Type de contenu: Critique
Une occasion pour lui de témoigner des évolutions qui sont apparues au fil du temps et de se livrer plus intimement dans ce qui est, à ce jour, l’un de ses récits les plus personnels.
«Les souvenirs sont venus au fur et à mesure, expose M. LeBlanc. Je me suis rappelé des dictateurs, comme Adolf Hitler, Mussolini, de personnes comme le père Léger Comeau, qui a été président de la Société nationale des Acadiens (SNA) et de la Fédération acadienne de la Nouvelle-Écosse (FANE), et ensuite des jeunes qui prennent la relève, comme Natalie Robichaud, par exemple, et d’autres plus jeunes.»
Choisissant de rédiger son livre de façon chronologique, l’auteur, né en 1929 à Saulnierville, ouvre son récit sur la période de la Grande Dépression (1929 à 1939), puis poursuit avec celle de la Seconde Guerre mondiale (1939-1945).
Il y raconte ses années au Collège Saint-Anne, dont il est sorti diplômé en 1947, avant de faire carrière à la Banque royale du Canada, puis à la Société d’assurances l’Assomption-Vie. «J’y ai été de 1955 à 1992, témoigne-t-il. Ensuite, la relève a été prise par mon fils, Maurice. Alors, on a été le visage de la Société d’Assomption pendant plus de 60 ans.»
Le livre fait aussi preuve de certaines de ses implications associatives qui ont joué un rôle important pour la culture acadienne, et notamment pour Le Courrier de la Nouvelle-Écosse. En effet, en 1971, alors qu’il était membre de la FANE, il a participé, avec son conseil d’administration, à la sauvegarde du journal, encore intitulé à l’époque Le Petit Courrier, pour qu’il ne disparaisse pas après le départ à la retraite de Désiré d’Eon, son fondateur.
Autre avancée significative pour la communauté acadienne qu’il relate dans son livre, sa présence à la Convention régionale du sud-ouest de la Nouvelle-Écosse, en 1934. Pour la première fois, cette réunion a permis de discuter «des problèmes et des espoirs que nous avions, et également de rappeler aux autorités leurs obligations».
J’ai voulu démontrer que des désastres pouvaient être tournés en opportunité de bienfaisance.»
De même, il se souvient que c’est la Société d’Assomption qui a signé le contrat pour acquérir le terrain sur lequel l’Église commémorative de Grand-Pré est située aujourd’hui. «J’ai voulu démontrer que des désastres pouvaient être tournés en opportunité de bienfaisance», exprime-t-il, en repensant notamment à la catastrophe maritime, racontée dans son deuxième livre, De la Baie Sainte-Marie à la mer des Caraïbes, qui a couté la vie à 264 personnes et, parmi elles, sa plus jeune sœur.
«Depuis plus de 50 ans que ma sœur est disparue, la paroisse de Saulnierville a aidé des gens des Caraïbes en envoyant plus de 50 000 $. Ils établissent leurs priorités et, avec la générosité des paroissiens de Saulnierville, nous pouvons leur permettre de réaliser des projets importants pour leurs écoles.»
Toutefois, malgré tous ces évènements historiques qu’il relate, il admet que l’écriture de ces mémoires s’est avérée plus délicate que celle des précédents, car c’était la première fois qu’il se livrait de façon aussi intime. «Dans mes premiers livres, je racontais l’histoire d’autres personnes.

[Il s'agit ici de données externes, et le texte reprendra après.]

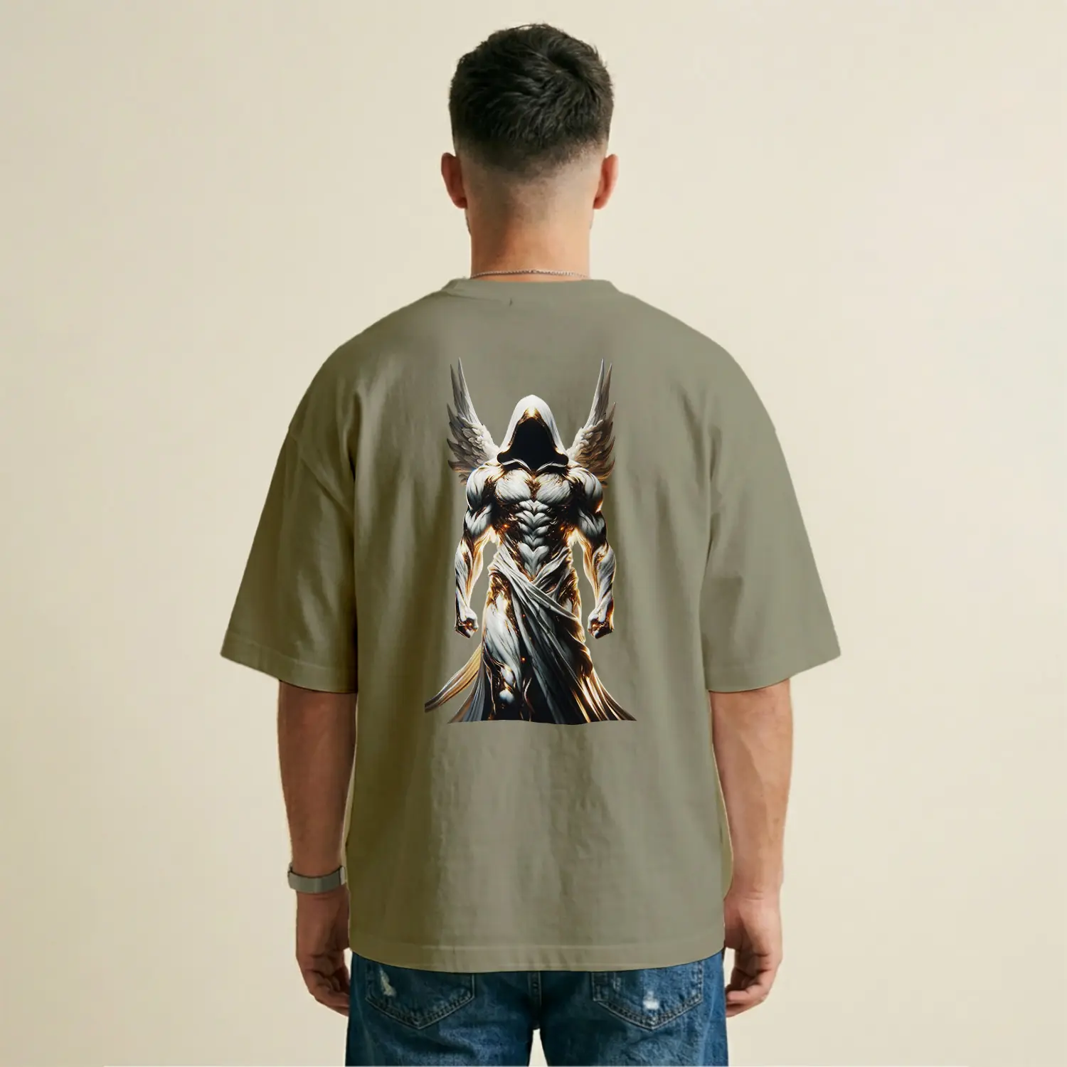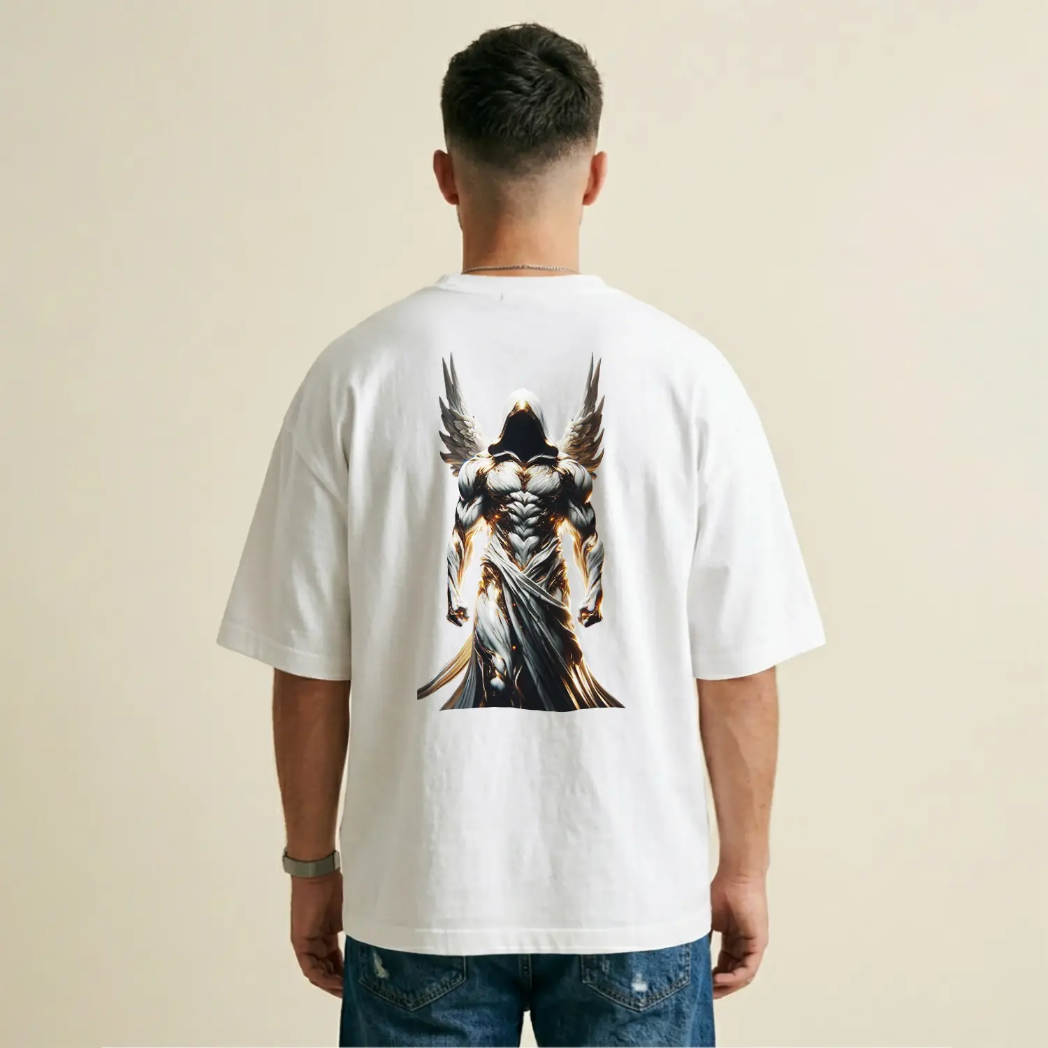 Kanatlı Kılıçlı Melek Baskılı Erkek Tişört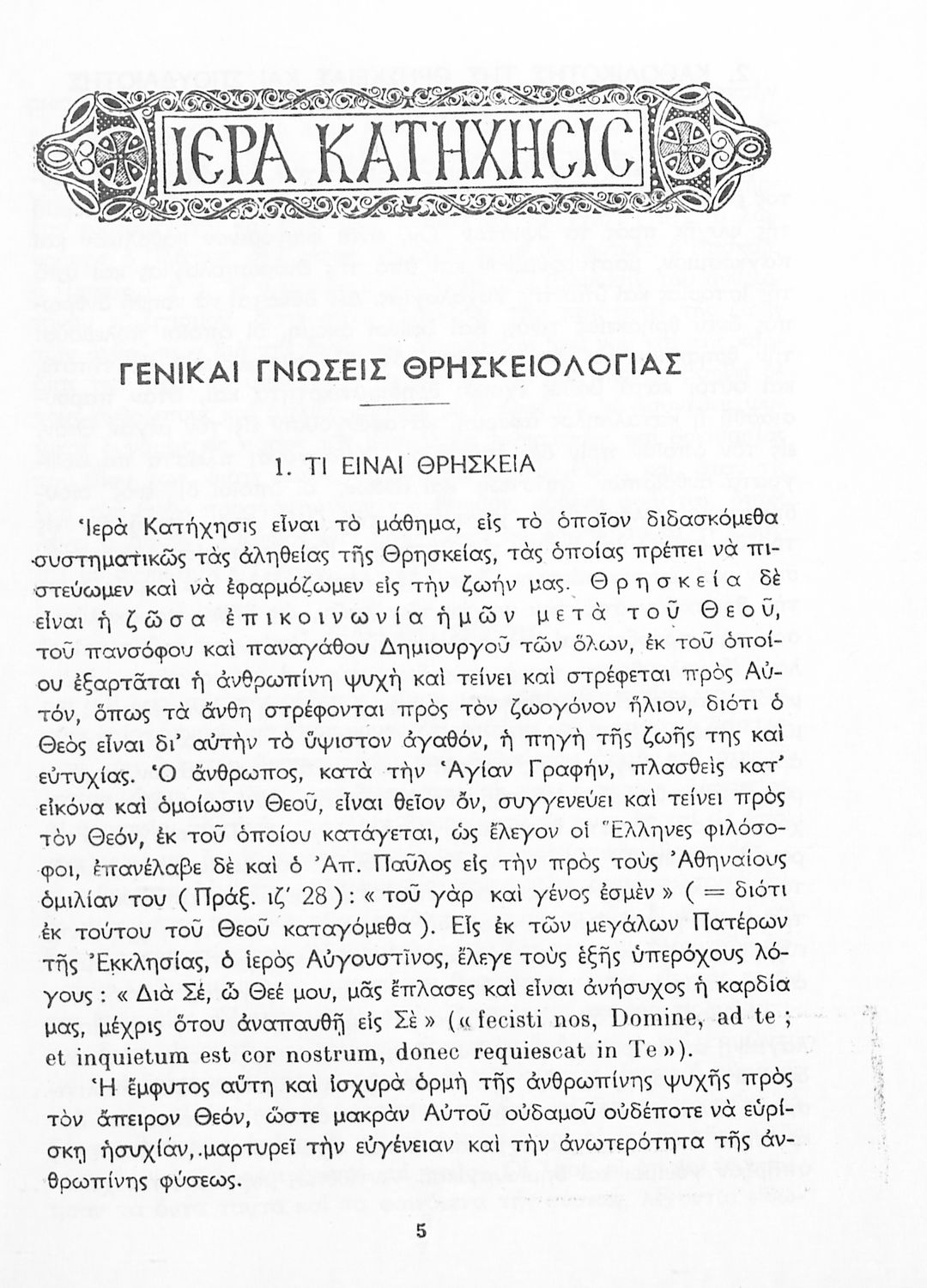 Παρουσίαση περιεχομένου: Σχολικό εγχειρίδιο Θρησκευτικών για τους μαθητές της Γ΄ και Ε' Γυμνασίου που αναλύει την έννοια της κατήχησης στις διάφορες θρησκείες με έμφαση στο ορθόδοξο χριστιανικό δόγμα, το οποίο εξετάσει από δογματική και ηθική σκοπιά. Περιλαμβάνει και στοιχεία λειτουργικής της Ορθόδοξης Εκκλησίας. Περιέχονται εκκλησιαστικοί ύμνοι και προσευχές. Φέρει το σύμβολο της δικτατορίας.

C’est pas dans ma nature de parler de moi-même. Dans mon dernier livre, il fallait bien que je dévoile des aspects de ma vie. Ça a été plus difficile, c’était émotionnel.»
Il avoue d’ailleurs que cette idée de récit autobiographique ne lui est pas venue entièrement de lui-même. «Ma fille, Monique, m’a suggéré [il y a] deux ou trois ans passés, “Papa, je pense que tu as encore quelque chose à dire.” Et par la suite, j’ai commencé à rédiger mes mémoires.»
Ayant eu la chance de pouvoir parcourir, tout au long de sa vie, plusieurs territoires du monde – citant, entre autres, Marseille, la Corse, Prague, Salzbourg, Vienne ou encore les Caraïbes – partager ses souvenirs s’est finalement révélé pour lui comme un véritable privilège.
«Aujourd’hui, après avoir été atteint par le COVID au mois d’aout, l’année passée, je jouis de ma retraite en continuant à m’informer sur les actualités chaque jour et [à] écrire d’autres mémoires pour la postérité.»